I wake up to her steps, fall asleep to them, eat to them, bathe with them there, cook, TV and socialize. Her tiny steps are a part of my life; a clock ticking in the ceiling letting me know that yes, someone else is there. Someone else is living and breathing mere feet from me that I have never met. Someone else is cooking, eating, sleeping and waking up nearly the same time as me. She has a name, but I do not know it. The only physical manifestation of her presence is when clumps of dirt appear on my patio on their own having dropped down from the plant above being watered.
I’m sure she also works a 9-to-5, her steps wake up about 15 minutes before I do, warming up my room with noise and gently waking me more reliably than an alarm clock. She clomps around her bedroom getting ready while I destupor myself from the night’s sleep. Eventually I wake up and go into my shower, the one safe place her steps do not touch. I grab my coffee and walk out the door leaving her steps behind.
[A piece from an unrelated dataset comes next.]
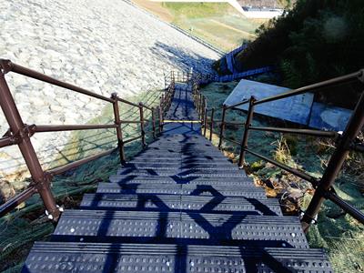 同じルートで堤体直下に降りることにしました。
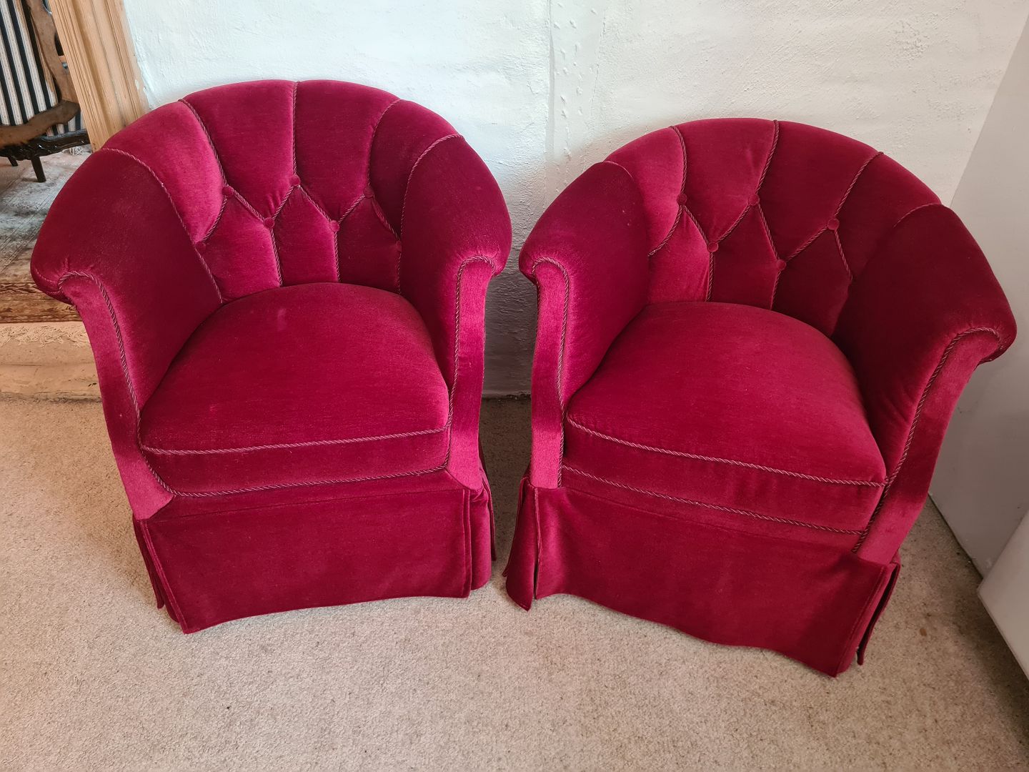 Par lænestole fra 1950'erne overbetrukket med rødt velour. Fremstår pæne og velholdte uden nævneværdige brugsspor.

When I get back slightly after 5, the steps are already there pacing the kitchen doing whatever it is they do in the evening. Our building is designed to seperate; my car can be reached without even having to use some stairs, each plane of the building totally independent and rarely permeated on foot. Yet her feet slice straight through, somehow exhuding great force from a tiny frame. I’m sure that tiny frame enjoys home cooked meals though, always being made.
Sometimes late at night, 2, 3, 4am, the steps pick back up, move towards my bathroom, pause, and come back followed by a great whoosh of the pipes directly behind my headboard. Othertimes they pick up late at night and seem to dance or pace by themselves. Only ever one set of footsteps is around, I’d know them anywhere now, a distinct gait. It is a lonely gait.
One day I will bring my steps up there and meet the owner of the steps that I know so much about, such intimate exactingness of life normally shared only with a spouse. If I meet the steps, the mystery will be replaced with irritation. For now, I’ll keep the steps just steps. Turning the steps into a neighbor will be akin to taking out our picket fence, and good fences make good neighbors.